The event that Americans commonly call the first Thanksgiving was celebrated to give thanks to God for helping the Pilgrims of Plymouth Colony survive their first brutal winter in New England, according to Wikipedia.  Writing from her 19th Century Western Massachusetts home, Emily Dickinson recognizes personal archives playing in memory and emotions in “One Day is there of the Series”.  This completely different kind of Thanksgiving history is as familiar to me as the annual feast.

One Day is there of the Series
Termed “Thanksgiving Day”
Celebrated part at Table
Part in Memory –
Neither Ancestor nor Urchin
I review the Play –
Seems it to my Hooded thinking
Reflex Holiday –
Had There been no sharp subtraction
From the early Sum –
Not an Acre or a Caption
Where was once a Room –
Not a Mention, whose small Pebble
Wrinkled any Sea,
Unto such, were such Assembly
‘Twere “Thanksgiving Day” –

The poem’s first three lines recognizes a community’s shared experience, “One Day….Termed “Thanksgiving Day”, but hooks us on an emotional level with that little word, “part.” It is buried, like a private thought, in a phrase that is otherwise familar: “Celebrated part at Table”.

Isn’t it lovely to pay tribute to those private thoughts of past Thanksgivings as being as dominate in our minds as the spread on the table and the people with whom we share it? The poem intends to place that “Part in Memory -” right up there with the rest.  Individual thoughts of past Thanksgivings include “Neither Ancestor..” of the first Thanksgiving, nor the pets, children or “…Urchin” of today.

When I sit down with loved ones this year, “I review the Play -” of the very first time I baked a turkey in my own home; my children’s first Thanksgivings; my mother’s deft banquet-making; my deceased daughter’s last Thanksgiving when she was 16.

Thoughts and emotions about past Thanksgivings have their own law, leaving me to decide what to say out loud. “Seems it to my Hooded thinking/Reflex Holiday -”. Or, my hidden thinking has an involuntary and untaught way of observing private history. When feelings for someone absent help to define this Thanksgiving they are as real as ever. “Had There been no sharp subtraction/From the early Sum -”, had there not been a huge portion of cherished people razored off; and, though they own no local property and you won’t see their photo published here, “Not an Acre or a Caption”, they are part of the holiday, nonetheless.

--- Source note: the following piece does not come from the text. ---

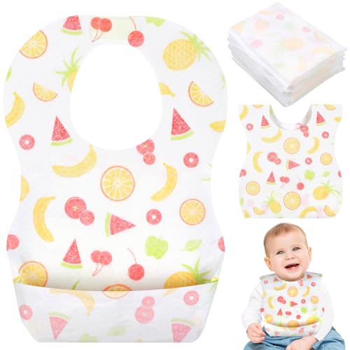 Vaktop Disposable Bibs, 30 Pack Disposable Bibs Baby with Food Catcher Pocket, Waterproof Baby Feeding Bib, Adjustable Babies Bib for Toddlers Boys Girls Travel Outdoor (Fruit)

Just as thoughts jam and mesh between then and now, the poem’s lines combine thoughts, “Where was once a Room – / Not a Mention,”. It once required a room of her own to give reasonable care and acknowledgment, but now the house is a reflection of schedules and plans where she is not mentioned. Where once so many friends and family admitted, “whose small Pebble/Wrinkled any Sea,” because every life was a “sea” and she was a “small pebble,” who left such a pleasant wavelet.

These thoughts and others, “Unto such, were such Assembly / ‘Twere “Thanksgiving Day” -”.